The records below are to be repeated exactly, minus any pictures.
------------
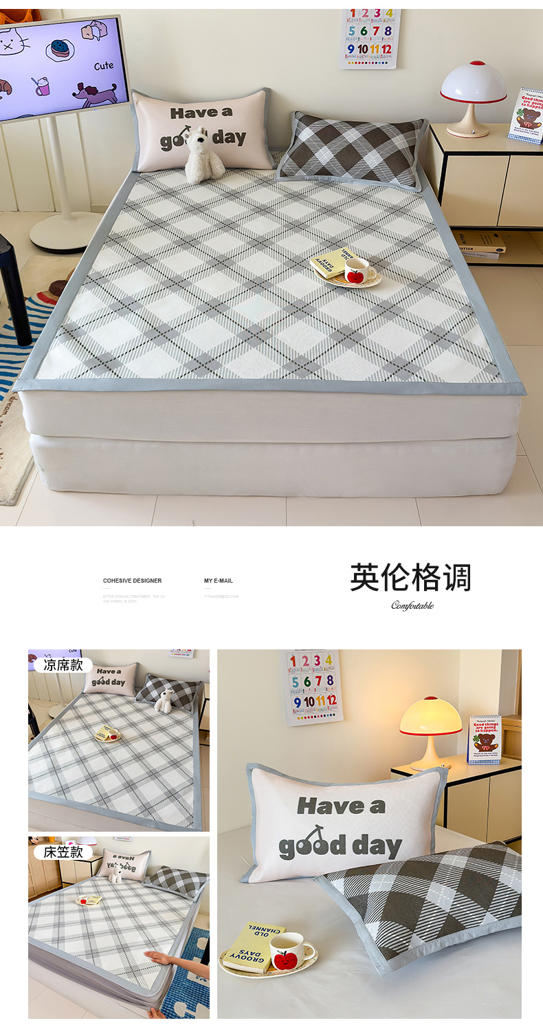 商品名称:安哆啦家纺 2025新款A类印花冰藤凉席简约条格系列凉席席子 蓝格花海-床席款
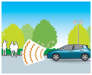 車両接近通報装置(VSPシステム)は、低速走行中に車両が接近していることを車両接近通報音で歩行者に知らせます。
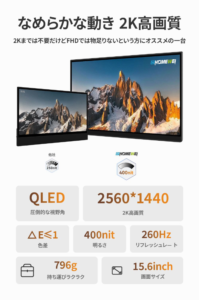QLED 15.6インチ 2K 薄型 USB-C接続 PCモニター リフレッシュレート260Hz
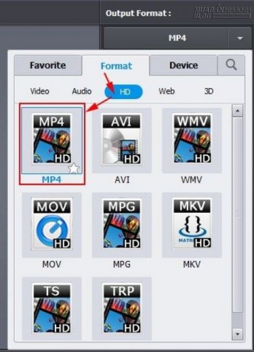 Tiếp theo, nhấp vào Output format và lựa chọn định dạng đầu ra. Thông thường đầu ra sẽ có rất nhiều các định dạng khác nhau, nhưng bạn cần chọn định dạng phù hợp nhất và được TV Samsung hỗ trợ tốt nhất. Đó chính là định dạng MP4. Ngoài ra, bạn có thể thiết lập một vài thông số khác thông qua phần cài đặt Settings nếu muốn.
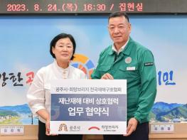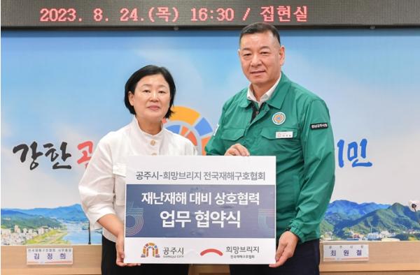 공주시가 지난 24일 시청 집현실에서 희망브리지 전국재해구호협회와 재난?재해 대비 상호 협력을 위한 업무 협약을 체결했다.
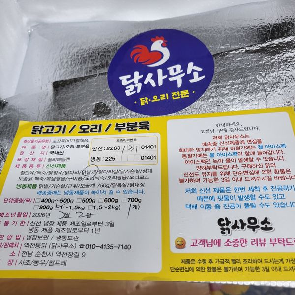 생닭 잘받았습니다 포장상태 좋아요 배송빠름 명절에 맛나게 먹을게요 새해복 많이 받으세요
------------
_Solution below_
 商品名称:安哆啦家纺 2025新款A类印花冰藤凉席简约条格系列凉席席子 蓝格花海-床席款
 車両接近通報装置(VSPシステム)は、低速走行中に車両が接近していることを車両接近通報音で歩行者に知らせます。
QLED 15.6インチ 2K 薄型 USB-C接続 PCモニター リフレッシュレート260Hz
 Tiếp theo, nhấp vào Output format và lựa chọn định dạng đầu ra. Thông thường đầu ra sẽ có rất nhiều các định dạng khác nhau, nhưng bạn cần chọn định dạng phù hợp nhất và được TV Samsung hỗ trợ tốt nhất. Đó chính là định dạng MP4. Ngoài ra, bạn có thể thiết lập một vài thông số khác thông qua phần cài đặt Settings nếu muốn.
 공주시가 지난 24일 시청 집현실에서 희망브리지 전국재해구호협회와 재난?재해 대비 상호 협력을 위한 업무 협약을 체결했다.
 생닭 잘받았습니다 포장상태 좋아요 배송빠름 명절에 맛나게 먹을게요 새해복 많이 받으세요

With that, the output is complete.